Jungunternehmer Von Martin Sonneborn

Einmal in den frühen 90er Jahren, als unsere Wirtschaft noch so richtig brummte, versuchten Herr Krähe und ich, unserem bis dato hochgradig kontemplativen Dasein eine bleibende Berechtigung zu verschaffen.

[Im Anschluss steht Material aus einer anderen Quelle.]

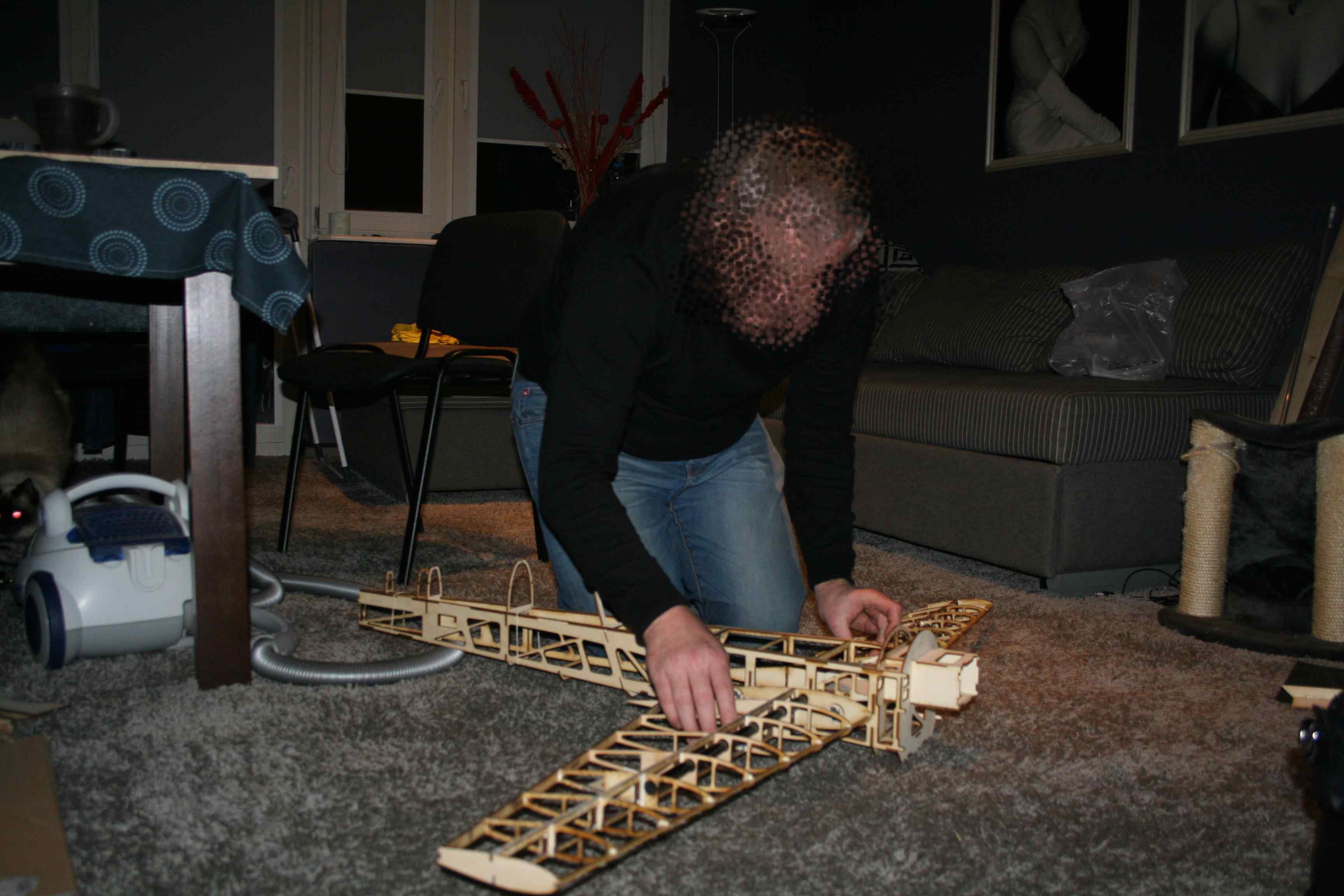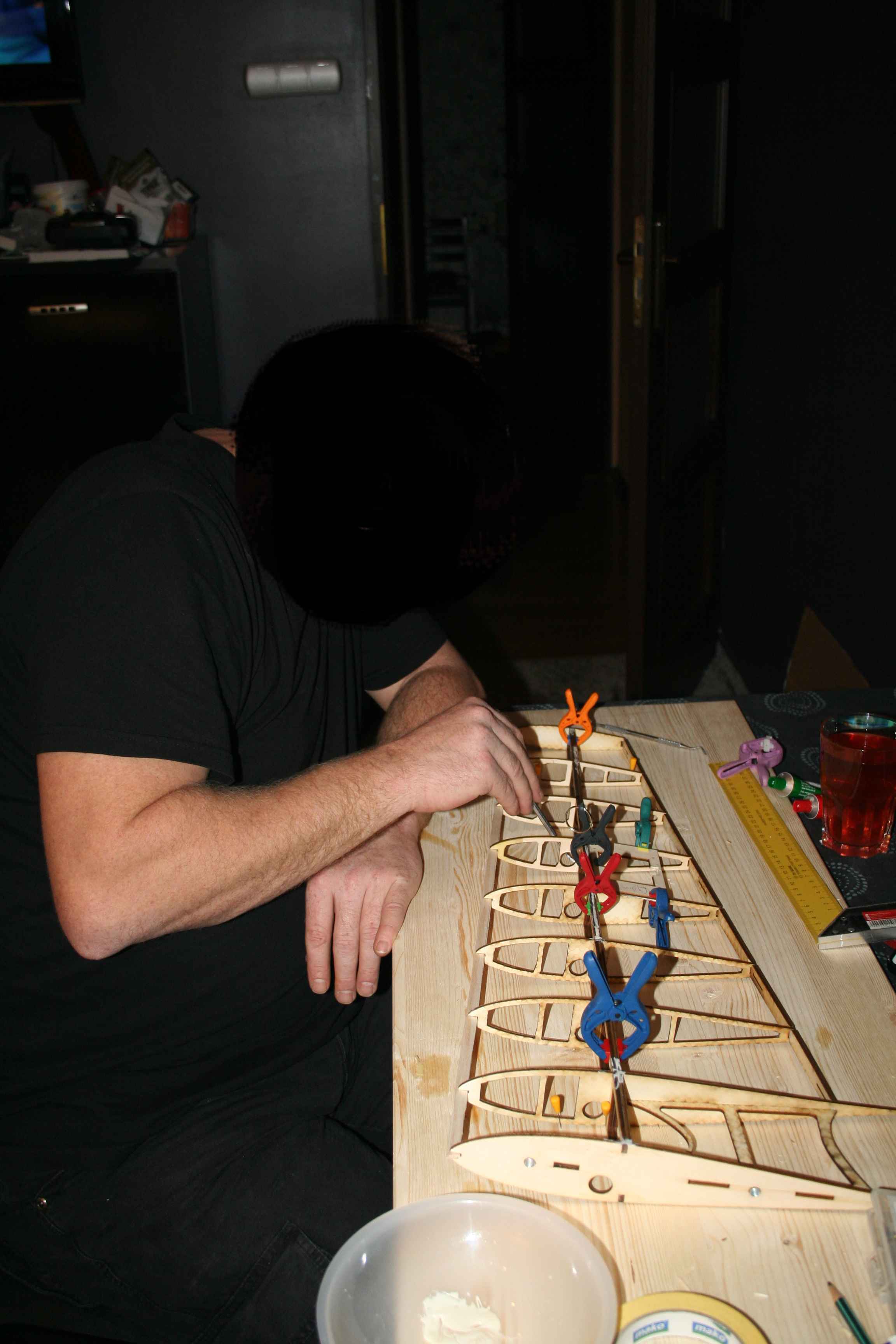 Komentarz: Gdy zająłem się skrzydłem złożyło się bez problemów. Sklejka ma wady i po wycięciu okazało się, że wygina się w niektórych miejscach. Było to szczególnie ważne jeśli chodzi o dźwigary. Jakoś jednak udało mi się to wyprostować. Zbyt dokładnie zająłem się w projekcie lotkami. Nie ma takiej potrzeby. Elementy wycięte okazały się bardzo kruche, ale jakoś sobie z nimi poradziłem. Widziałem kiedyś na forum jak Sławek składa lotki. To dobry i praktyczny sposób. W przyszłości będę starał się znacznie poprawić projektując:) Do pierwszego modelu nie miałem takiego fizycznego oglądu materiału:)

Nachdem die Gründung von Mitflugzentralen, Brezelvertrieben und illegalen Kneipen in Berlin-Mitte an unserer fast chronischen Lethargie gescheitert war, sahen wir keinen anderen Ausweg: Wir beschlossen, das „Büro für Kicker und Dosenbier“ zu eröffnen. Nächtelang zogen wir durch Kreuzberger Kneipen, immer auf der Suche nach einem brauchbaren Kickertisch. Diese Anfangsphase ging ziemlich ins Geld, jedoch ist Existenzgründen selten ganz billig. Schließlich bekamen wir die Adresse eines marktbeherrschenden Halbweltgauners und bald darauf einen Leonhardt 96er Turnierkicker (mit Holzgriffen!). Der marktbeherrschende Halbweltgauner bekam 1.000 Mark. Anschließend gingen wir daran, Eggers kennenzulernen. Der besaß einen unwirtlichen 12m2-Kellerraum an der Potsdamer Straße, den er für 170 Mark gemietet hatte, weil er im Osten wohnte und einen Anschluß für seinen Anrufbeantworter brauchte. Außerdem paßte Eggers zu uns. Das wurde uns klar, als wir erfuhren, daß er gerade einer Sekretärin der Wirtschaftswissenschaftlichen Fakultät gedroht hatte, er würde sich auf der Stelle exmatrikulieren, wenn seine Hausarbeit nicht mindestens zwei Zensuren besser benotet würde.

Wir luden Hinz und Kunz sowie Leute aus dem Germanistik-Seminar „Kultbücher“ für donnerstags, 21 Uhr, ein. Herr Krähe und ich besorgten eine abgeblendete Glühbirne zur Beleuchtung – wir waren ja die Geschäftsführer! –, und Dosenbier brachte jeder selbst mit. Gespielt wurde ausschließlich Doppel. Einmal kam Lena mit ihrem Freund, den sie als Dichter vorstellte. Seinen Namen habe ich vergessen; wir nannten ihn nur „den Schweißer“, weil er so feuchte Hände hatte, daß nach ihm niemand an die Holzgriffe wollte. Er sagte, er sei erkältet, aber er schwitzte immer. Einem Gespräch zwischen „dem Schweißer“ und Lena konnte ich entnehmen, daß sie ihm die jung-intellektuelle Elite Berlins versprochen hatte. Wir trugen zwar alle schwarz, aber der Dichter war enttäuscht, das sah ich ihm an. Später kam regelmäßig eine Frau, die jubilierte, sie habe Nekromania soundsoviel gesehen, sie gehöre ab jetzt „dazu“. Vielleicht hätte ihn das getröstet. Noch später flog Herr Krähe aus seinem Untermietverhältnis und wohnte im Büro. Bücherregale und Bett gaben dem ganzen einen fast heimeligen Anstrich, und waschen ging er sich in der Staatsbibliothek, deren Toiletten morgens von mehr Leuten mit Kulturbeutel betreten werden als man denkt. Als Herr Krähe dann eine neue Wohnung fand, zerstritten wir uns mit Eggers und zogen mit dem „Büro“ nach Berlin-Mitte. Der Kellerraum war sowieso fast voll mit leeren Dosenbierdosen.

Wie die Faschisten uns den Kicker abjagten, wieso F. W. Bernstein dem „Büro für Kicker und Dosenbier“ seinen Antrittsbesuch nicht abstattete, wie Bernd Fritz vom FAZ-Magazin einmal reinschaute und wie wir eine Aktiengesellschaft gründeten, die in diesem Jahr zum ersten Mal Dividende ausschütten wird: dazu ein andermal.